Ha comenzado el luto oficial por las víctimas del coronavirus. La cifra real casi duplica la oficial. Unas 43.000 personas han muerto por la pandemia, según los datos de los registros civiles. El Gobierno pinocho ha admitido hoy sólo uno.

El luto oficial llega demasiado tarde

El luto por tantos compatriotas muertos llega demasiado tarde. En estos casi tres meses de dolor no hemos visto al maniquí ni a ningún ministro acercarse a un hospital a consolar a los familiares. Ni el más mínimo gesto de compasión.
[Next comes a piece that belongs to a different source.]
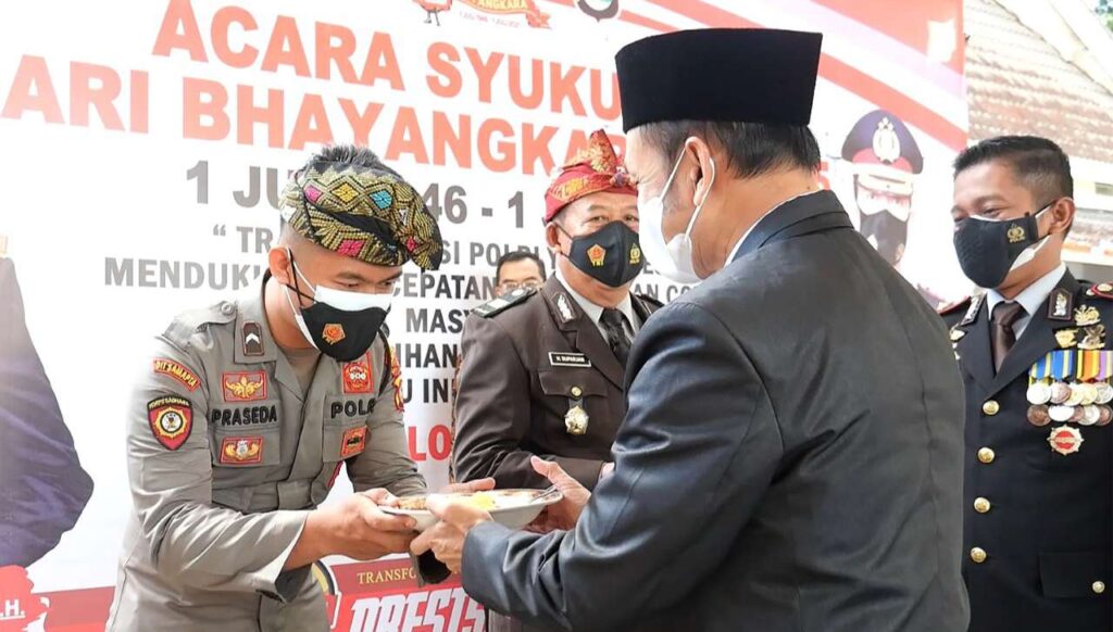 AKP Suparjan dan Bripda Iqbal mendapatkan nasi tumpeng perayaan HUT Bhayangkara ke-75 di Polres Lombok Tengah yang diberikan oleh Ketua DPRD, M. Tauhid.
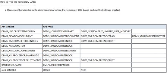 既然清理由应用程序确定,那么必然是程序开发语言是有这样释放lob缓存的代码的,比如对于Java程序有java.sql.NClob.free()这个方法来释放lob,对于其它通过调用 Oracle的API接口来实现的应用,oracle给出了相应如下的方法来释放Lob:

Están en lo suyo, ocupados en tapar las pruebas que los lleven a rendir cuentas ante un tribunal.

En la Moncloa y en el Congreso vestían de negro como pájaros de mal agüero, y exhibían sus picos falsos de cuervos obscenos.

Con camisa negra, como la que lucían los escuadristas italianos, ha comparecido el vicepresidente comunista en el cementerio de la soberanía nacional. Ha acusado a los conservadores de instigar “la insubordinación” en la Policía y la Guardia Civil. Dicho de otra manera: insinúa que alientan un golpe de Estado contra el Gobierno. Esta tesis la ha defendido en la prensa extranjera. Las palabras de esta criatura marcada por el odio nos llevan a la primavera del 36. Es lo que quiere: el enfrentamiento entre españoles, otro conflicto civil.
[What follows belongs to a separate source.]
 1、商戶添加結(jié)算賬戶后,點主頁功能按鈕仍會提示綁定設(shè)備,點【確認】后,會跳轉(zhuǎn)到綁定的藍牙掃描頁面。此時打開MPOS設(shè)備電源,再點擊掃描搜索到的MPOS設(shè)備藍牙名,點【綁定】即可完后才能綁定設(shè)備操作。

Una rubia inteligente y valiente le ha reprochado ser “el hijo de un terrorista”. Él, aparentemente ofendido, la ha amenazado con acciones legales. Otra rubia, menos inteligente y valiente que la primera, ha ordenado que la acusación no figure en el diario de sesiones del Parlamento.

Este ha sido el último episodio reseñable de la política española, transformada en una charca en la que sólo prosperan los sapos de mirada aviesa.